Final PCOS GWAS reporter libraries from each replicate experiment were pooled at equimolar 2 nM concentrations. We sequenced the PCOS GWAS reporter libraries on Illumina NextSeq 2000 using 50 bp PE sequencing.

Alignments and STARR-seq analysis

To estimate regulatory activity in the targeted PCOS GWAS regions, we used the abundance of the fragments expressed as RNA in the reporter library relative to their abundance in the assay library, outlined figure S7. First, we aligned the PCOS GWAS assay library and the PCOS GWAS reporter library individually to the human genome (hg38) using bowtie2. We filtered reads with a quality score of Q > = 30, and outside the centromeres and blacklisted regions.

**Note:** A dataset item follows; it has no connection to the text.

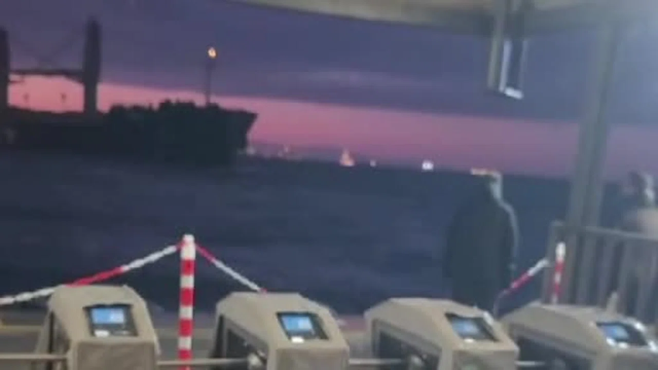 İstanbul Beşiktaş açıklarında makina arızası nedeniyle sürüklenen kuru yük gemisi, iskeleye çarpmadan son anda durdu. İskelede büyük bir panik yaşanırken, o anlar cep telefonu kamerasına yansıdı. Geminin üzerlerine doğru geldiğini görünce kaçtıklarını söyleyen vatandaşlar, "Neredeyse iskeleye çarpıyordu, büyük bir felaket olabilirdi. Millet çok korktu" dedi.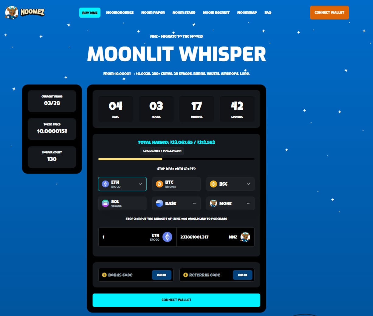 For beginners who want early exposure without complexity, Noomez ($NNZ) is a standout. The project runs on a transparent 28-stage presale that automatically burns unsold tokens, tightening supply after each round.

These reads were used for the downstream analysis. We used picardtools109 to mark and call duplicates. RPKM normalized STARR-seq read density was computed at single base pair resolution using deepTools110 utility bamCoverage. We used CRADLE48 package to correct biases and call peaks with the following options. We then estimated differential STARR-seq activity across the regions as fold change using DESeq49. For visualizing the sequencing data, we have included the raw and RPKM normalized bigwigs on the UCSC genome browser link in the data availability statement (Figure S7). To represent the CRADLE normalizations, we included CRADLE-corrected bigwigs for input and output STARR-seq libraries separately as well as for input library subtracted from the output library (Figure S7). For each region identified to have STARR-Seq regulatory activity measured by DESeq, we compared PCOS STARR-seq results from both COV434 and H295R cell lines to ATAC-Seq datasets generated for these cell lines. We also compared the STARR-Seq results to the regulatory regions across ENCODE (V4) for both cell lines and primary tissues.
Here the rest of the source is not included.